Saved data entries

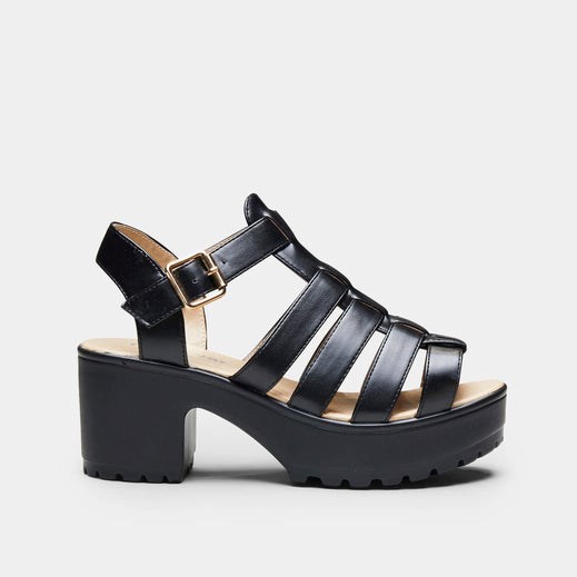 Koi Footwear women’s strappy sandals in black with Riakuma Croc styling. Features a comfortable chunky heel and stylish design. Includes free shipping and quality assurance.
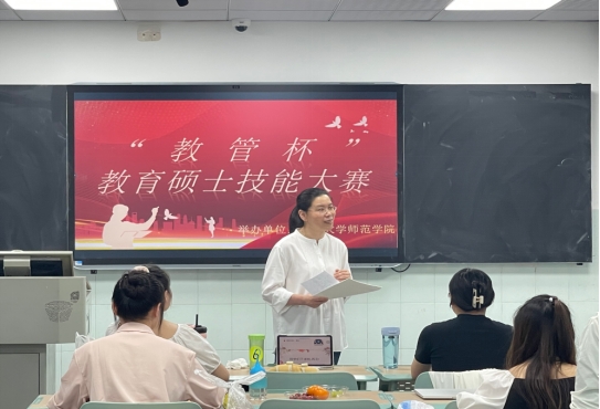 以“提升教育技能,成就明日之师”为主题的教育管理硕士研究生教学技能大赛于2024年5月30日上午在9428cn太阳集团古天乐5-305教室隆重举行。此次活动旨在提升教育硕士研究生的课堂教学能力,搭建一个交流经验、切磋技艺的平台,让选手们充分展示其教学技能和专业风采。本次大赛有幸邀请到9428cn太阳集团的三位资深教师——赵映川教授、陈文娇副教授和方红副教授担任评审,她们凭借深厚的学术背景和丰富的教学经验,为比赛提供了权威的评审和指导。同时,教育管理专业的全体同学也积极参与了此次比赛,共同见证了选手们的精彩表现。
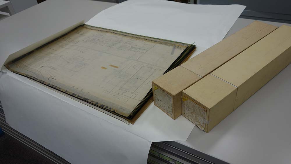 目録をとり終わって図面の内容を把握したら、デジタル化をする場合もあります。デジタル化の目的は、主には資料保護のためです。デジタル技術が今程発達する前から図面資料を保管している組織では、使用頻度の高いものから優先順位を決めてデジタル化を行っていました。しかし、大判のスキャナが登場し、デジタル化の価格も下がってきたこの頃では、資料整理の前にまずデジタル化するという選択をする場合もあるようです。確かに、デジタル化した画像を基に目録化を行って整理を進めることには、資料保護の観点からみても、利点はあります。閲覧も簡便に行うことができます。ただし、データができてしまうと1点1点についてのメタデータが必要になってきますし、データの管理も考えなくてはなりません。現物が存在する以上は、画像と原物の紐づけも必須です。以上のことを考慮した上で、デジタル化の方針を決めるのがよいでしょう。デジタル化後に、現物を廃棄してしまうこともあると聞きます。過去にはマイクロフィルムを撮ったら現物を廃棄している例もありますし、現物を維持するのは大変ですから、廃棄することを簡単に責められはしません。しかしデータの確実な保存方法が確立されていない段階では、デジタル技術を過度に信頼せずに、大切な資料はなるべく現物を維持するようにしたいものです。
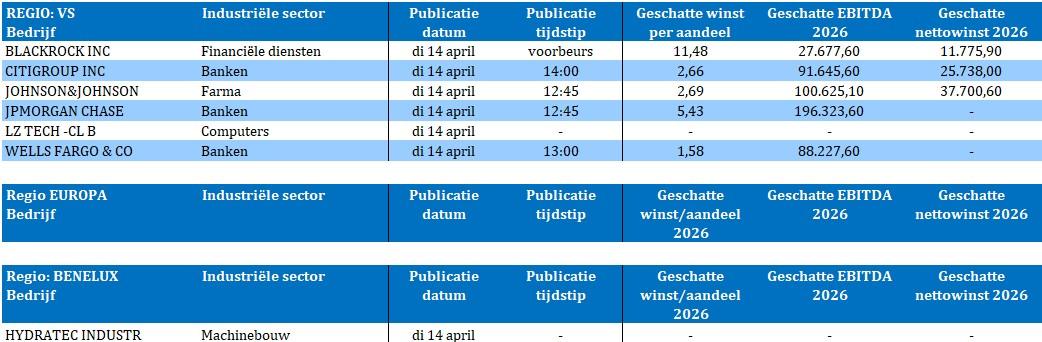 Op het vlak van resultaten markeert vandaag de officiële start van een reeks zwaargewichten: JPMorgan, Wells Fargo, Citigroup en BlackRock publiceren cijfers, net als onder meer Johnson & Johnson. Bij de banken zal de aandacht vooral uitgaan naar de vooruitzichten en commentaar over kredietkwaliteit (consumentenstress, financieringskosten, toon in trading en investment banking), eerder dan naar het achterliggende kwartaal. Daarnaast zullen we scherp letten op opmerkingen over private credit.
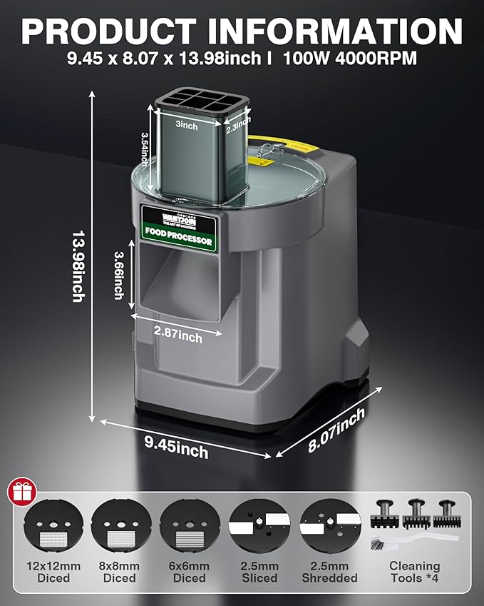 - WORRY-FREE SERVICE: Dimension: 8.3"*7.9"*13.8". Power: 100W. Voltage: 110-120V. Ideal for efficiently chopping, slicing, or dicing bulk volumes of root vegetables like potatoes and carrots to zucchinis, onions, and even citrus such as lemons. Includes electric dicer, white cleaning brush, 3 blade cleaners. We offer one-year coverage and professional one-on-one technical support. Please feel free reach out to us if you encounter any issues.

Prompt → Give every entry above again, exactly, and keep all pictures out of it.

The completed task →
 Koi Footwear women’s strappy sandals in black with Riakuma Croc styling. Features a comfortable chunky heel and stylish design. Includes free shipping and quality assurance.
 以“提升教育技能,成就明日之师”为主题的教育管理硕士研究生教学技能大赛于2024年5月30日上午在9428cn太阳集团古天乐5-305教室隆重举行。此次活动旨在提升教育硕士研究生的课堂教学能力,搭建一个交流经验、切磋技艺的平台,让选手们充分展示其教学技能和专业风采。本次大赛有幸邀请到9428cn太阳集团的三位资深教师——赵映川教授、陈文娇副教授和方红副教授担任评审,她们凭借深厚的学术背景和丰富的教学经验,为比赛提供了权威的评审和指导。同时,教育管理专业的全体同学也积极参与了此次比赛,共同见证了选手们的精彩表现。
 目録をとり終わって図面の内容を把握したら、デジタル化をする場合もあります。デジタル化の目的は、主には資料保護のためです。デジタル技術が今程発達する前から図面資料を保管している組織では、使用頻度の高いものから優先順位を決めてデジタル化を行っていました。しかし、大判のスキャナが登場し、デジタル化の価格も下がってきたこの頃では、資料整理の前にまずデジタル化するという選択をする場合もあるようです。確かに、デジタル化した画像を基に目録化を行って整理を進めることには、資料保護の観点からみても、利点はあります。閲覧も簡便に行うことができます。ただし、データができてしまうと1点1点についてのメタデータが必要になってきますし、データの管理も考えなくてはなりません。現物が存在する以上は、画像と原物の紐づけも必須です。以上のことを考慮した上で、デジタル化の方針を決めるのがよいでしょう。デジタル化後に、現物を廃棄してしまうこともあると聞きます。過去にはマイクロフィルムを撮ったら現物を廃棄している例もありますし、現物を維持するのは大変ですから、廃棄することを簡単に責められはしません。しかしデータの確実な保存方法が確立されていない段階では、デジタル技術を過度に信頼せずに、大切な資料はなるべく現物を維持するようにしたいものです。
 Op het vlak van resultaten markeert vandaag de officiële start van een reeks zwaargewichten: JPMorgan, Wells Fargo, Citigroup en BlackRock publiceren cijfers, net als onder meer Johnson & Johnson. Bij de banken zal de aandacht vooral uitgaan naar de vooruitzichten en commentaar over kredietkwaliteit (consumentenstress, financieringskosten, toon in trading en investment banking), eerder dan naar het achterliggende kwartaal. Daarnaast zullen we scherp letten op opmerkingen over private credit.
 - WORRY-FREE SERVICE: Dimension: 8.3"*7.9"*13.8". Power: 100W. Voltage: 110-120V. Ideal for efficiently chopping, slicing, or dicing bulk volumes of root vegetables like potatoes and carrots to zucchinis, onions, and even citrus such as lemons. Includes electric dicer, white cleaning brush, 3 blade cleaners. We offer one-year coverage and professional one-on-one technical support. Please feel free reach out to us if you encounter any issues.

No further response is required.